Mesmo nestes tempos cínicos, quando causas sociais podem ser marketing pessoal, o roteiro é um amontoado de clichês. Artista famoso e bom-moço (ou bom-moço porque famoso) resolve ajudar os miseráveis. Close para o perfil preocupado do artista, fotografando o lixão do Gramacho (RJ), maior depósito de resíduos a céu aberto da América Latina. A câmera faz paralelo visual entre urubus e catadores. E por aí segue. Determinismo sociológico? Tragédia inevitável? Não, nosso herói vai agir. Mesmo sem capa vermelha nos ombros.

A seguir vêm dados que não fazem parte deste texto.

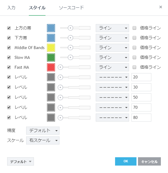 Triple Bollinger Bands [表示] [入力] [スタイル]
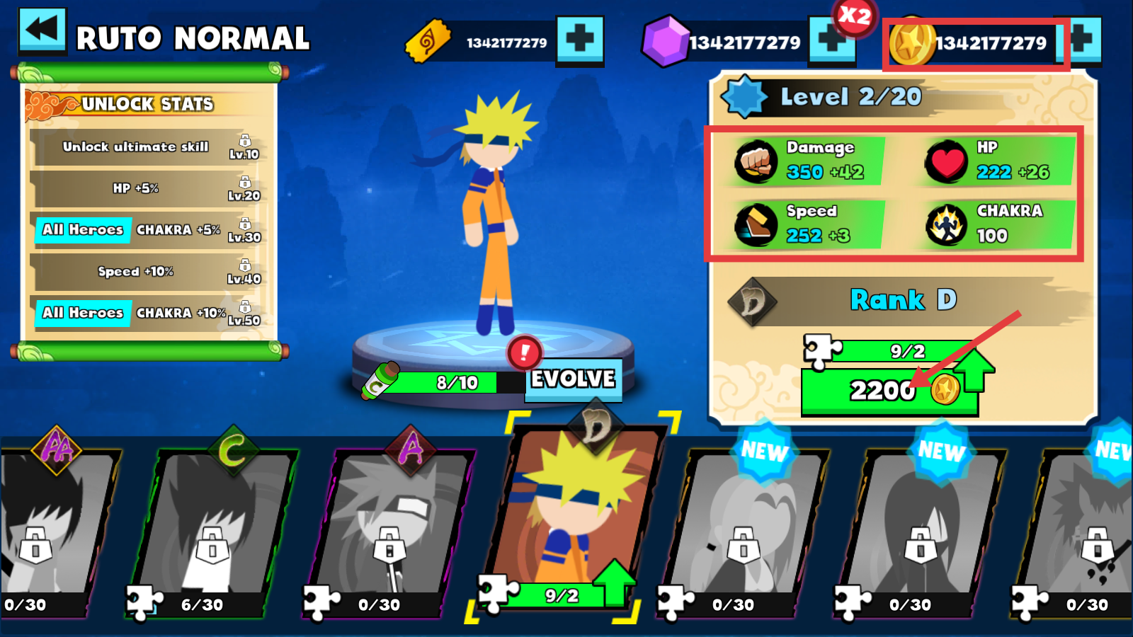 1、在【RUTO-NORMAL】界面,消耗【2200-金币】升级,提升【Damage-350+42】【HP-222+26】等属性,增强角色战力以应对后续战斗。

Piedoso, sim. Paternalista? Com certeza. Nesse gênero fílmico de ONG do bem, a comunidade miserável é apenas objeto passivo de uma ação. Nunca é o herói de sua própria história. Sobra para eles o papel de coadjuvantes, testemunhas maravilhadas da bondade do herói. Chorosos diante da redenção prometida. Foi assim no incensado filme Lixo Extraordinário, aventura de Vik Muniz na seara da benemerência midiática internacional. Com direito a indicação para o Oscar. Estatueta dourada a ser dividida com o líder dos catadores, Tião Santos, levado a tiracolo para garantir o exotismo latinoamericano necessário à ocasião. Com flor de lixo na lapela. Santo clichê, Batman!
A estatueta do Oscar não foi alcançada, mas as homenagens ao filme continuam. De minha parte, aperto o botão delete. Vik Muniz, autor de muitos trabalhos de qualidade, podia ter ficado sem esse equívoco no currículo. A estética da miséria nada acrescenta à sua obra. Tião Santos, no papel de um novo Marat (alusão à tela A Morte de Marat, do pintor francês Jacques-Louis David, de 1793), não está contando a sua história de vida como líder de sua comunidade. Cumpre, obediente, o roteiro para uma história que não é a sua. É a de Muniz. A complexidade da vida no Gramacho só pode ser entendida e contada pelos próprios catadores. Quando se entenderem protagonistas.